The average smokers insurance cost is: 32050.23183153285 dollars.
The average non-smokers insurance cost is: 8434.268297856199 dollars.
The difference in costs on average is: 23615.96353367665 dollars.
None


In [18]:
# Figure out what the average age is for someone who has at least one child in this dataset

# Combine age and children

age_with_children = list(zip(ages, children))

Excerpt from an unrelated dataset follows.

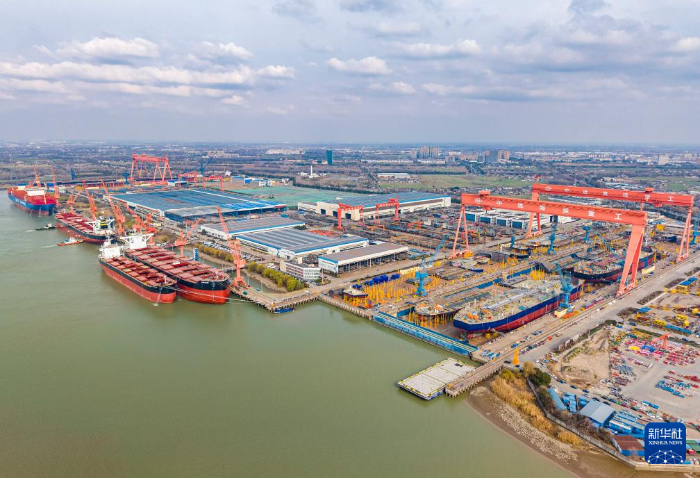 12月27日,在位于江苏省泰州市高港区的泰州三福船舶工程有限公司生产基地,多艘大型船舶在建造中(无人机照片)。

# Define a function to calculate the average age for those with at least one child

def average_age_atleast_1_child(lst):
    sum_age_with_children = 0
    patient_with_child = 0
    
    for patient in lst:
        if patient[1] > 0:
            sum_age_with_children += patient[0]
            patient_with_child += 1
    
    average_age_with_1_or_more_child = round(sum_age_with_children / patient_with_child, 1)
    
    print("The average age for someone with at least one child in the patient data set is: " + str(average_age_with_1_or_more_child) + " years old.")

print(average_age_atleast_1_child(age_with_children))

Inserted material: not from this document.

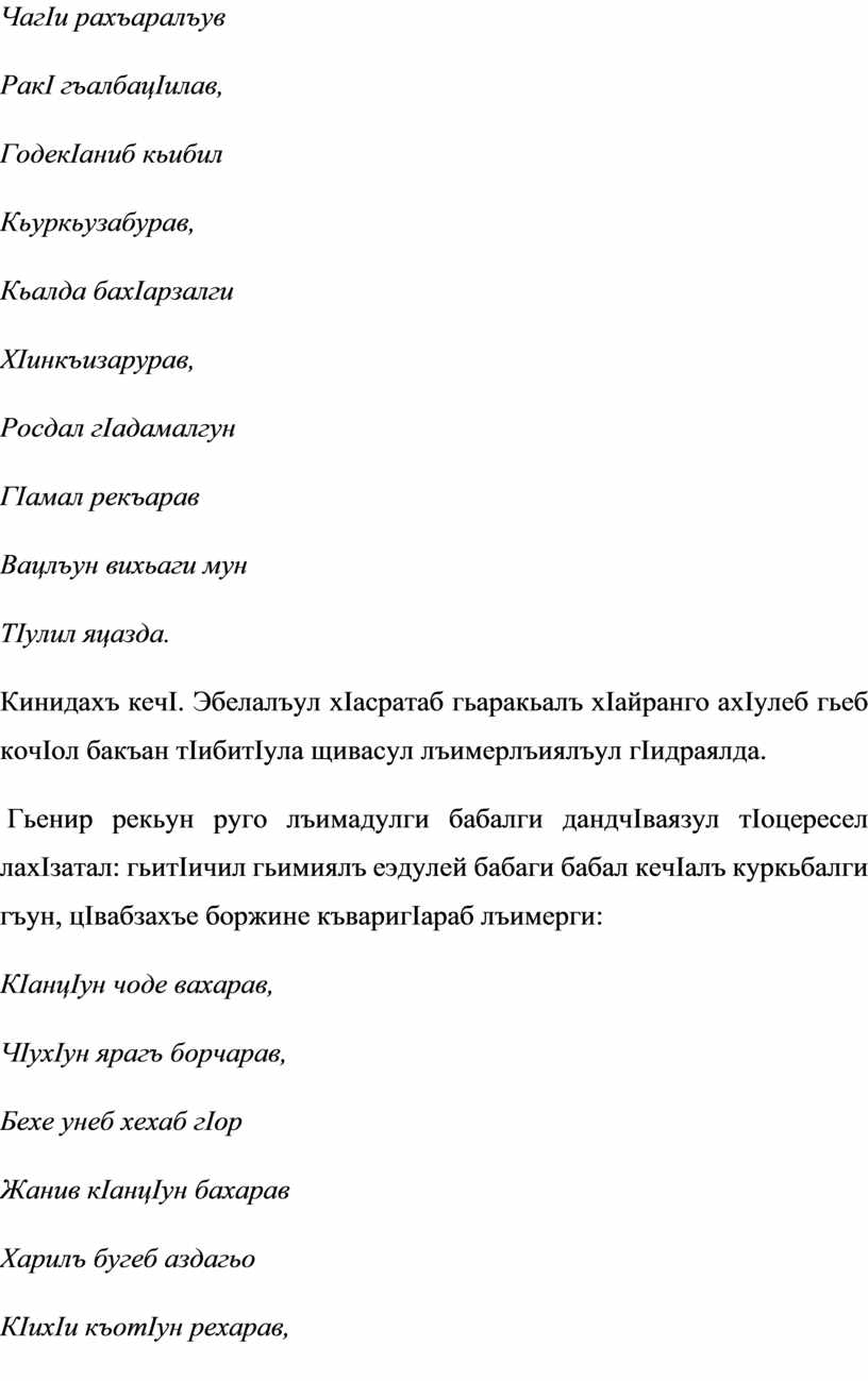 Гьаб биценги бицун, лъимал тIамила ургъизе. ЧIужу ячингун, эбел-эменгун цадахъ гIумру гьабизе ккараб мехалъ, гIемерисезул данде кколаро эбелалъулгун, росасул яцалъулгун. ГIолохъанав росасда лъазе ккола битIараб нух тIаса бищизе, эбел, эбел гIадин, кIодо гьайизе, йокьулей чIужуялдаги берцинго бичIчIизабизе кинал ритIарал, кинал тIекъал ругелали.

The average age for someone with at least one child in the patient data set is: 39.8 years old.
None


# Summary

1. Total ammount of patients is 1338. 676 men and 662 women. 
2. The average age of the patients is: 39.2 years old
3. Patients per area:
- 325 in southwest. 
- 364 in southeast.
- 325 in northwest.
- 324 in northeast.
4. Insurance costs:
- The average smokers insurance cost is: 32050.23183153285 dollars.
- The average non-smokers insurance cost is: 8434.268297856199 dollars.
- The difference in costs on average is: 23615.96353367665 dollars.
5. The average age for someone with at least one child in the patient data set is: 39.8 years old.